**Exercise directions:** For the material below, return exactly the lines starting at the line containing "魔术贴篮球鞋男青少年初中学生跑步战靴网面透气运动体..." and ending at the line containing "Perlengkapan K3 saat", both ends included, and no others.

**The data:**

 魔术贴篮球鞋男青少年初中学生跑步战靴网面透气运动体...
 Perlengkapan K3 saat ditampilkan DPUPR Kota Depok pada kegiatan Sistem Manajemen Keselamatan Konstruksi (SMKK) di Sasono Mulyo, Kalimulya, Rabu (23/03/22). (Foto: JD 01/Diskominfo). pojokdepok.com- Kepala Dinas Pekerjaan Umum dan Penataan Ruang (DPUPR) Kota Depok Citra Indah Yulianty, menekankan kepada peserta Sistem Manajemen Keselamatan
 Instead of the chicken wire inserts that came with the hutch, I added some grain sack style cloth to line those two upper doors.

...

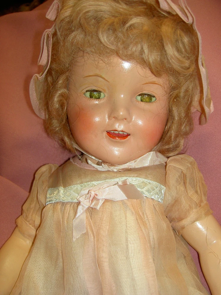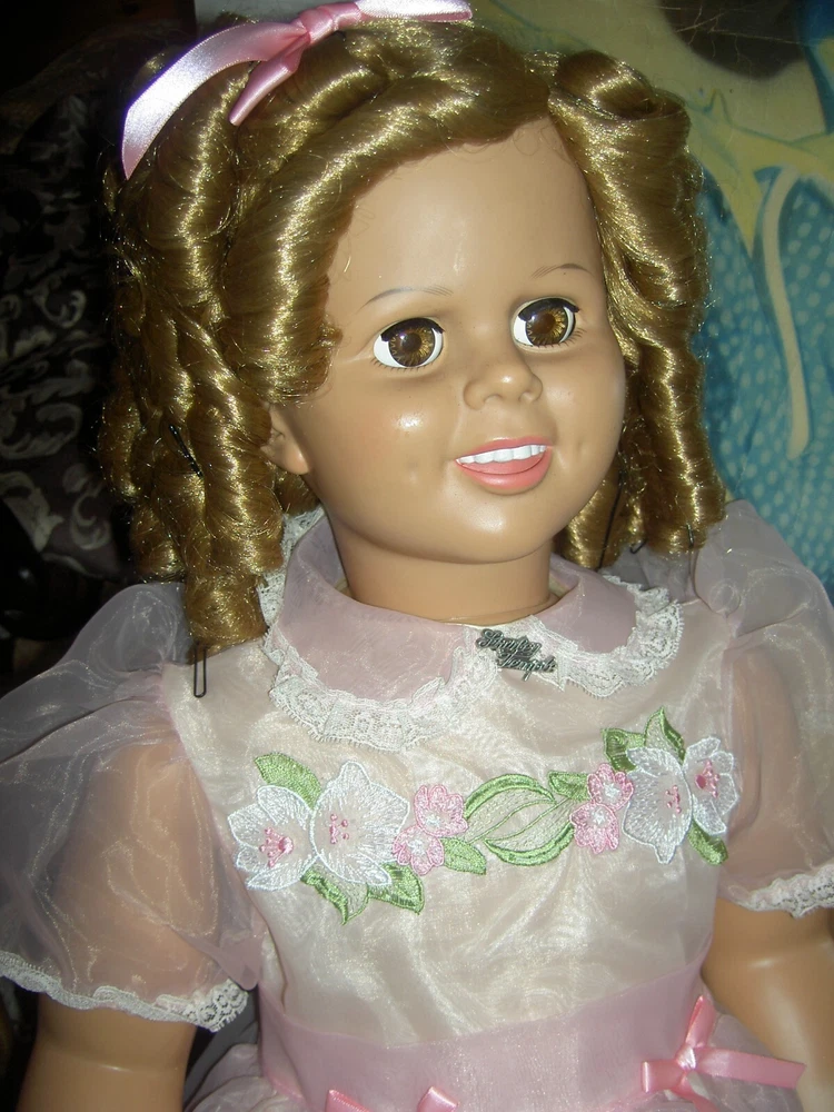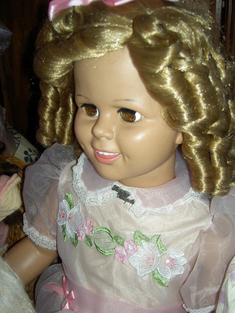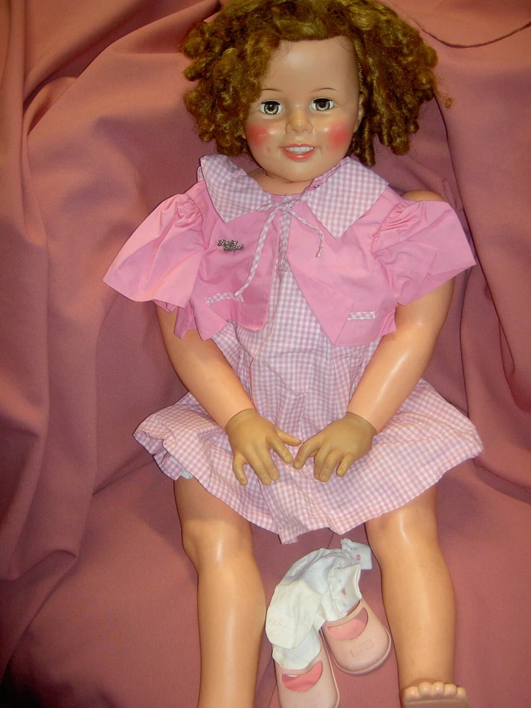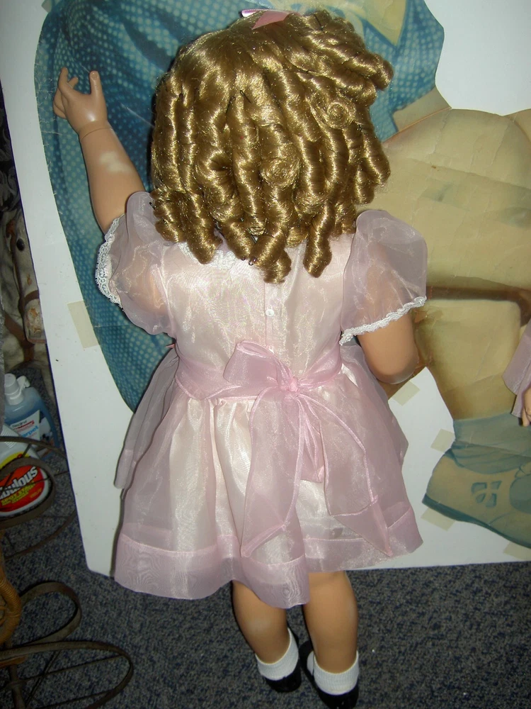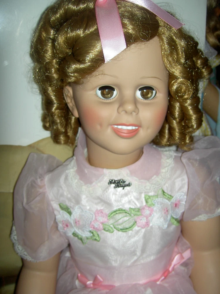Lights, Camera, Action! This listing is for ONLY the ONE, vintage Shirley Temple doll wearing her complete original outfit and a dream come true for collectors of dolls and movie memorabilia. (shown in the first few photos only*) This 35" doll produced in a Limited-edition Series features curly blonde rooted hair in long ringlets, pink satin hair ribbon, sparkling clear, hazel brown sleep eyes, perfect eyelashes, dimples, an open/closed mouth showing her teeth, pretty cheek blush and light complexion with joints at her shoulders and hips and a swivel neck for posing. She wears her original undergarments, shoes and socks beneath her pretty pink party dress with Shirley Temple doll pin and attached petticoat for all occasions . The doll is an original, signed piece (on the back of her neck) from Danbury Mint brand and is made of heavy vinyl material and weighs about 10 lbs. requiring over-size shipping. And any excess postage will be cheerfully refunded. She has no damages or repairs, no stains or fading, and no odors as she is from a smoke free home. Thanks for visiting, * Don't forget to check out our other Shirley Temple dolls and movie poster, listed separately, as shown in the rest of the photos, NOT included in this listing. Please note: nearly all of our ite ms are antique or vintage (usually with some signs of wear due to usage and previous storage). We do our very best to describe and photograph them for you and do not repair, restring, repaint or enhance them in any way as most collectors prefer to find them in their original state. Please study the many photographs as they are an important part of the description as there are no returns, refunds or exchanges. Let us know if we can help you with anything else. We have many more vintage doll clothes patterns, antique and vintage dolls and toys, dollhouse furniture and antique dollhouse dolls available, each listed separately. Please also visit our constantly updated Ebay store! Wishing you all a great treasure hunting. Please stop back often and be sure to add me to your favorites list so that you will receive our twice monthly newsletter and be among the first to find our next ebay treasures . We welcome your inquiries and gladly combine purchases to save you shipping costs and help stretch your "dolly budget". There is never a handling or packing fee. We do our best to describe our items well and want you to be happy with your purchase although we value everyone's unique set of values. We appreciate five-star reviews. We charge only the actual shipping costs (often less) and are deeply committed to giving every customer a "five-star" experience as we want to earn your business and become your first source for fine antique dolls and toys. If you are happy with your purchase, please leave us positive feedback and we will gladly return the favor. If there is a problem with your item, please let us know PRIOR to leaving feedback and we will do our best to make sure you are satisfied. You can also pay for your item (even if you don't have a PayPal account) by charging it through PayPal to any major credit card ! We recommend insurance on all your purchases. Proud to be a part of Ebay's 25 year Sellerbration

**Answer below:**
 魔术贴篮球鞋男青少年初中学生跑步战靴网面透气运动体...
 Perlengkapan K3 saat ditampilkan DPUPR Kota Depok pada kegiatan Sistem Manajemen Keselamatan Konstruksi (SMKK) di Sasono Mulyo, Kalimulya, Rabu (23/03/22). (Foto: JD 01/Diskominfo). pojokdepok.com- Kepala Dinas Pekerjaan Umum dan Penataan Ruang (DPUPR) Kota Depok Citra Indah Yulianty, menekankan kepada peserta Sistem Manajemen Keselamatan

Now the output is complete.